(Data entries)
☆ ☆ ☆
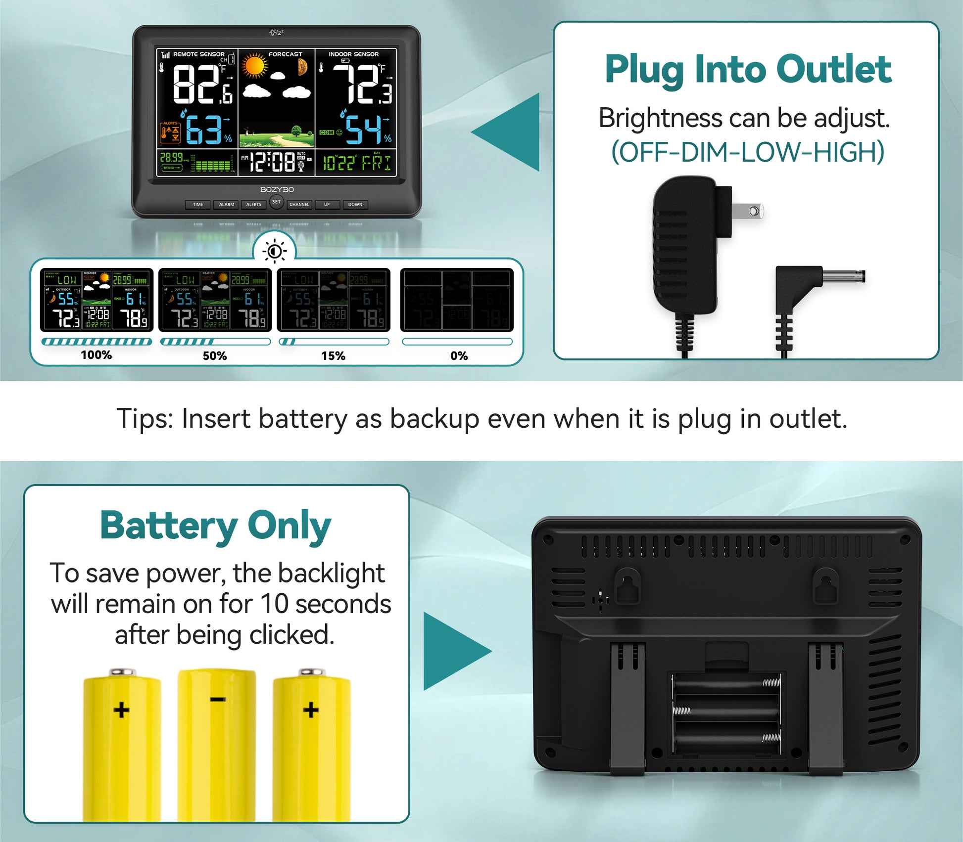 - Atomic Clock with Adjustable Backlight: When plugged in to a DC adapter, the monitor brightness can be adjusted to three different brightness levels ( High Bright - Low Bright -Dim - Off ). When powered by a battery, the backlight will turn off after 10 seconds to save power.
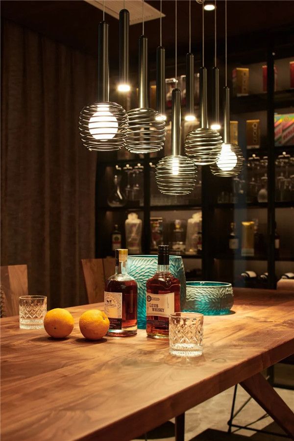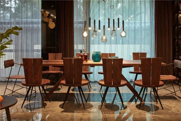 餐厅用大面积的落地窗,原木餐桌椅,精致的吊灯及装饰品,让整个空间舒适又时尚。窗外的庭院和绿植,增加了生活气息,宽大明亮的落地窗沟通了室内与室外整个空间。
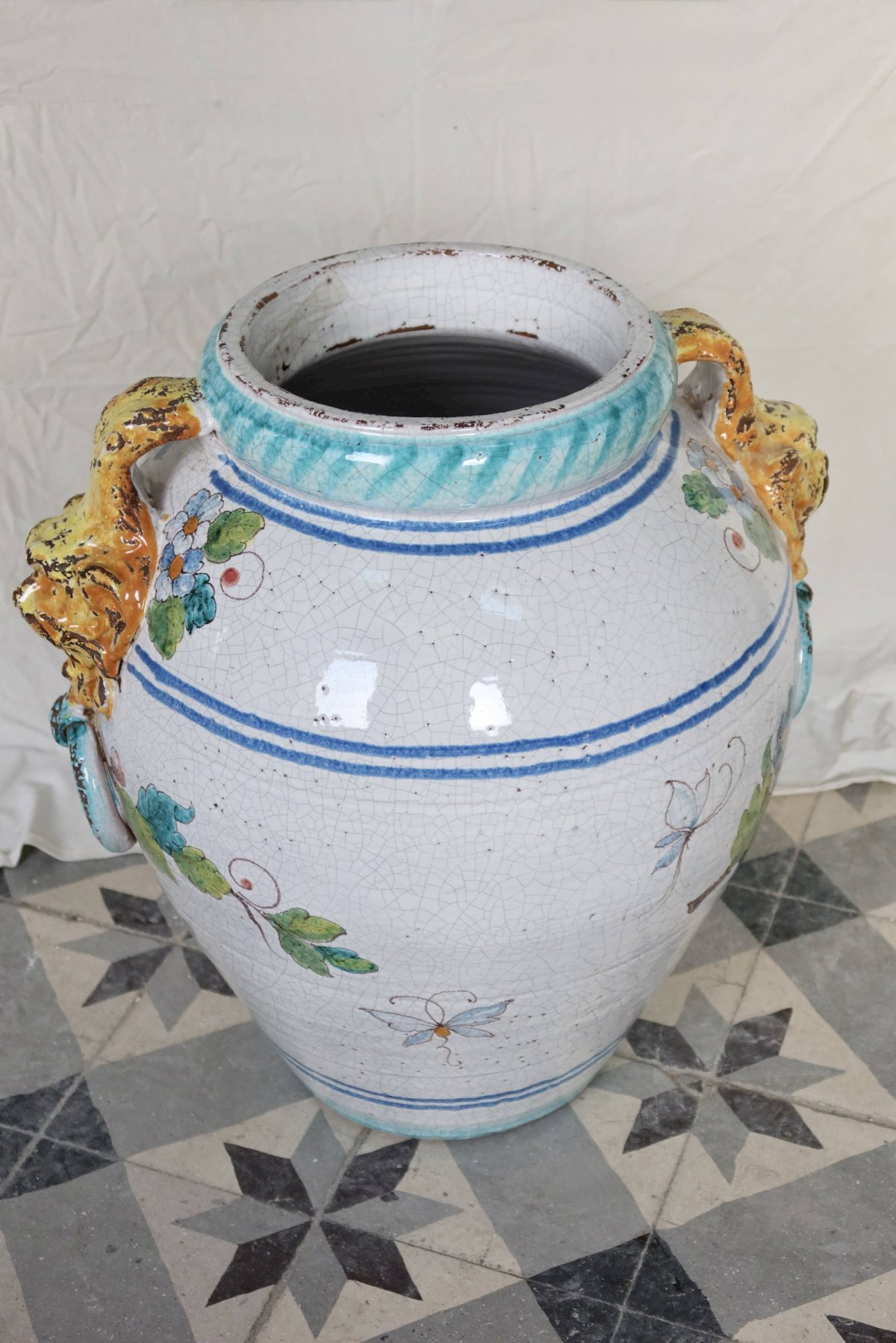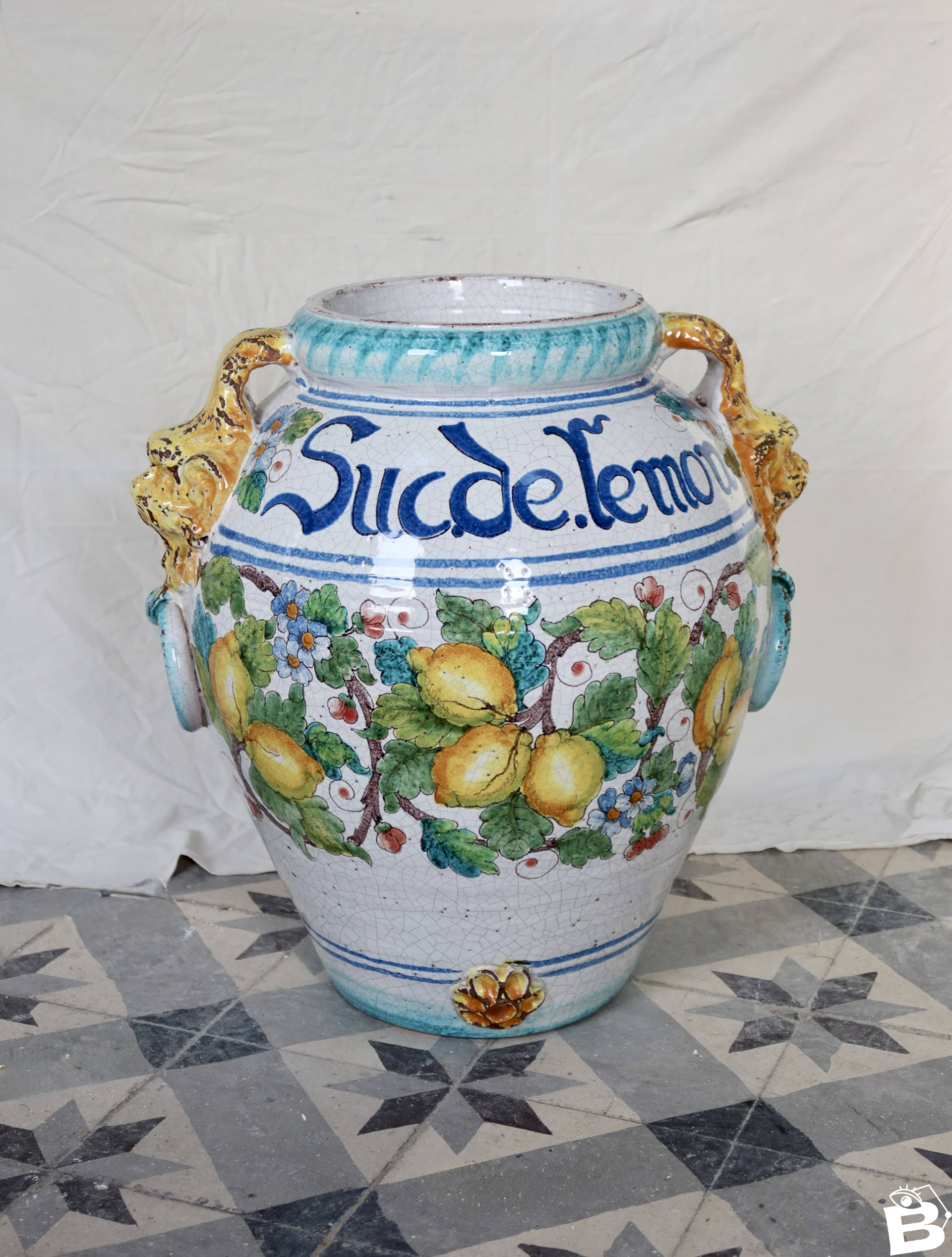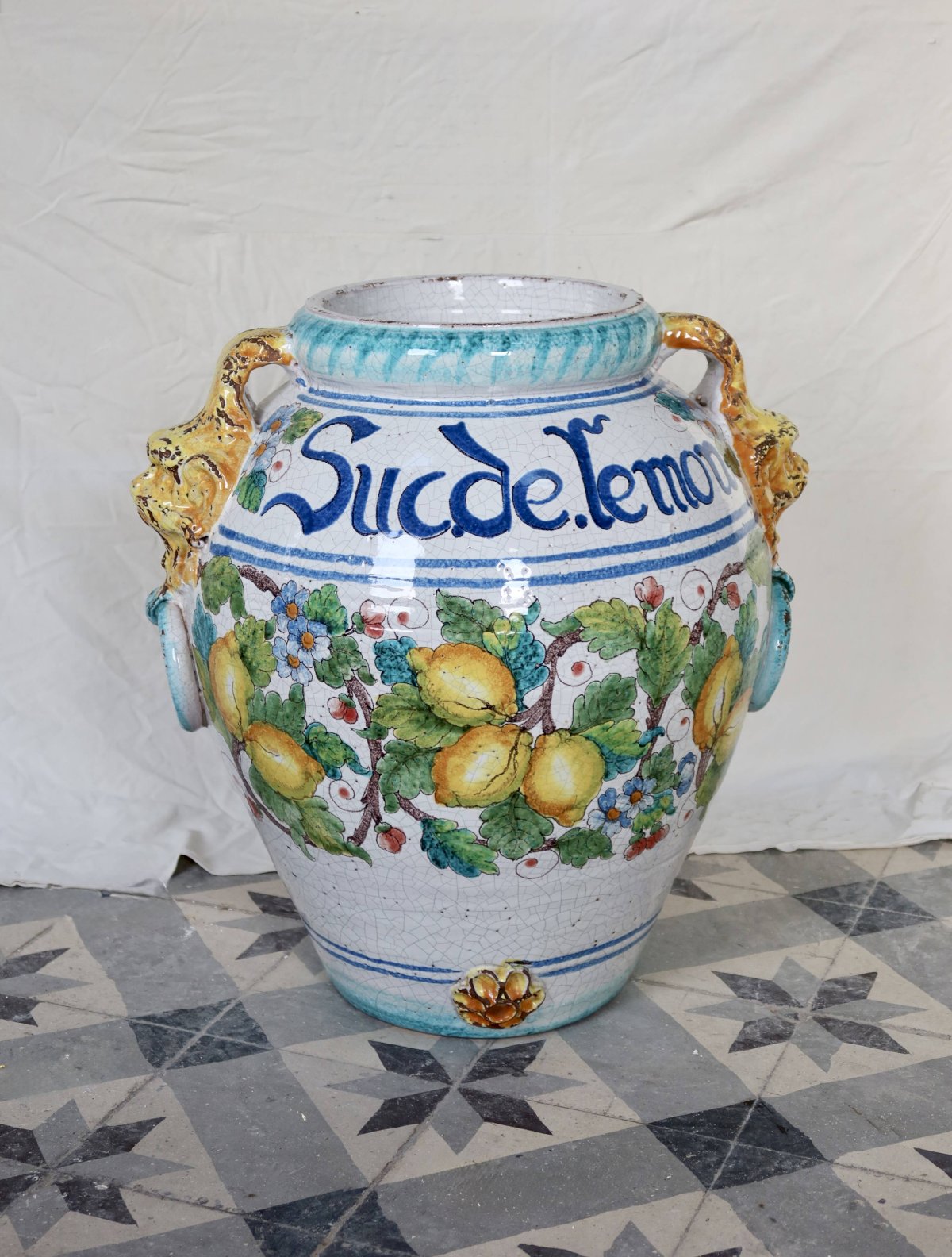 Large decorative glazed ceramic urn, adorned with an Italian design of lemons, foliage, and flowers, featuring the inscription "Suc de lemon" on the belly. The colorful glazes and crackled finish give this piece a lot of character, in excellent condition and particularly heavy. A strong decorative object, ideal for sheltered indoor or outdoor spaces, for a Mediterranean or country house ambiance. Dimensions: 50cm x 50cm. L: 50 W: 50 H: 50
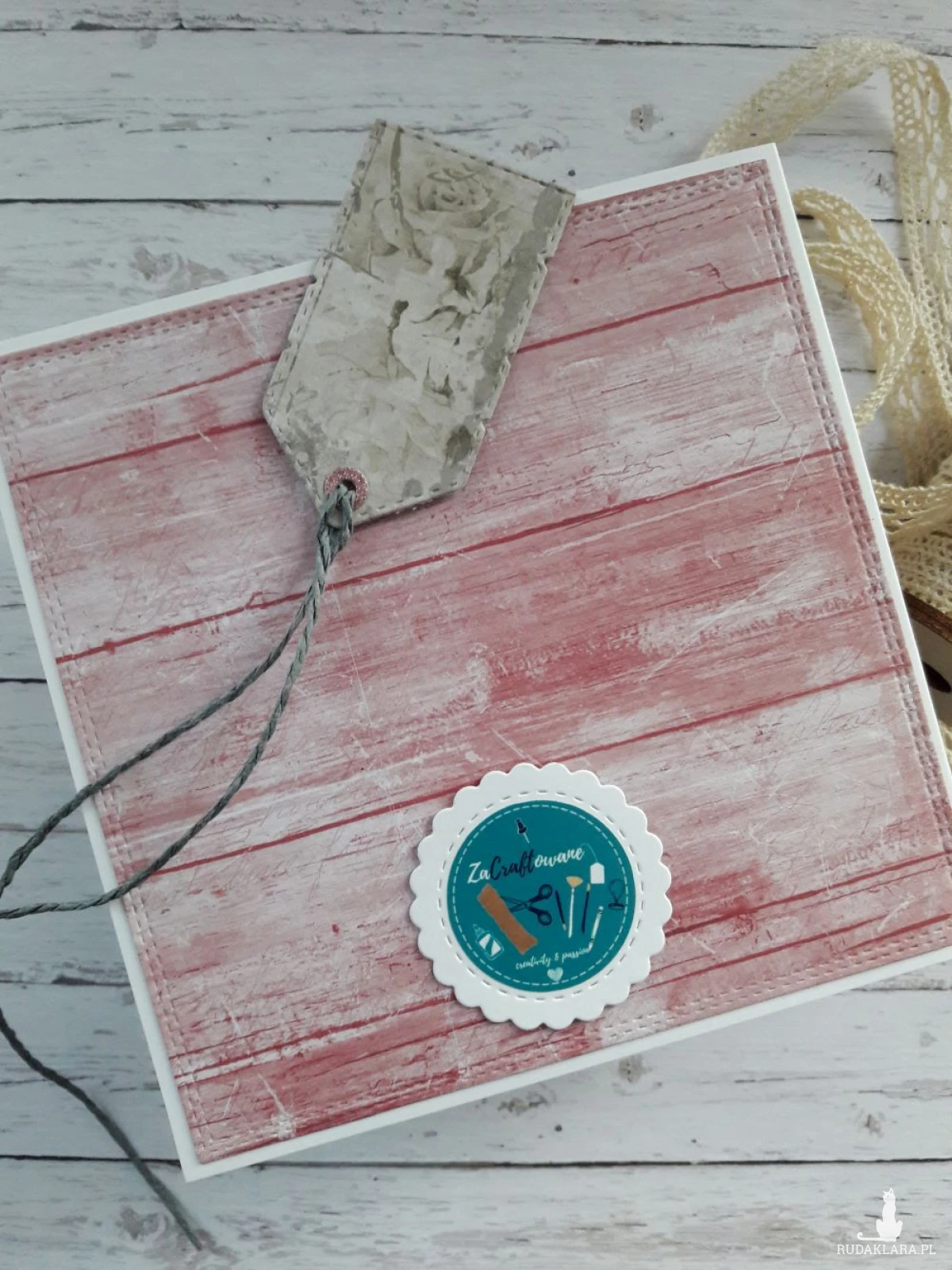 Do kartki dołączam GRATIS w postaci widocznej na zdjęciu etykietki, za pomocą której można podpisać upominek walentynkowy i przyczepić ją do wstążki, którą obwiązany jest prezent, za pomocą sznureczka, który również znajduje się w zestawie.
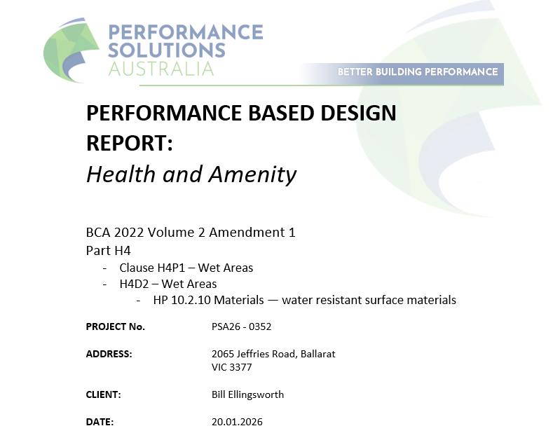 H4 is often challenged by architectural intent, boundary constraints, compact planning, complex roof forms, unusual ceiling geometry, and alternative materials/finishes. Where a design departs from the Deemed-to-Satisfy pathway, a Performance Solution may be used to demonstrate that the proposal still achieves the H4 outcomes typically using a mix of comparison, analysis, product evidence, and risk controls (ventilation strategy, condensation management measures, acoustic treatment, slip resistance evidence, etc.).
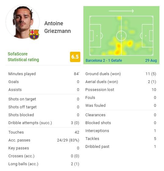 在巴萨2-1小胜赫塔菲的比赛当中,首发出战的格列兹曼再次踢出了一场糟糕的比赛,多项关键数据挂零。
☆ ☆ ☆
TASK TO COMPLETE → All of the records need to be reproduced exactly, with each picture omitted.

RESULT OF THIS TASK →
 - Atomic Clock with Adjustable Backlight: When plugged in to a DC adapter, the monitor brightness can be adjusted to three different brightness levels ( High Bright - Low Bright -Dim - Off ). When powered by a battery, the backlight will turn off after 10 seconds to save power.
 餐厅用大面积的落地窗,原木餐桌椅,精致的吊灯及装饰品,让整个空间舒适又时尚。窗外的庭院和绿植,增加了生活气息,宽大明亮的落地窗沟通了室内与室外整个空间。
 Large decorative glazed ceramic urn, adorned with an Italian design of lemons, foliage, and flowers, featuring the inscription "Suc de lemon" on the belly. The colorful glazes and crackled finish give this piece a lot of character, in excellent condition and particularly heavy. A strong decorative object, ideal for sheltered indoor or outdoor spaces, for a Mediterranean or country house ambiance. Dimensions: 50cm x 50cm. L: 50 W: 50 H: 50
 Do kartki dołączam GRATIS w postaci widocznej na zdjęciu etykietki, za pomocą której można podpisać upominek walentynkowy i przyczepić ją do wstążki, którą obwiązany jest prezent, za pomocą sznureczka, który również znajduje się w zestawie.
 H4 is often challenged by architectural intent, boundary constraints, compact planning, complex roof forms, unusual ceiling geometry, and alternative materials/finishes. Where a design departs from the Deemed-to-Satisfy pathway, a Performance Solution may be used to demonstrate that the proposal still achieves the H4 outcomes typically using a mix of comparison, analysis, product evidence, and risk controls (ventilation strategy, condensation management measures, acoustic treatment, slip resistance evidence, etc.).
 在巴萨2-1小胜赫塔菲的比赛当中,首发出战的格列兹曼再次踢出了一场糟糕的比赛,多项关键数据挂零。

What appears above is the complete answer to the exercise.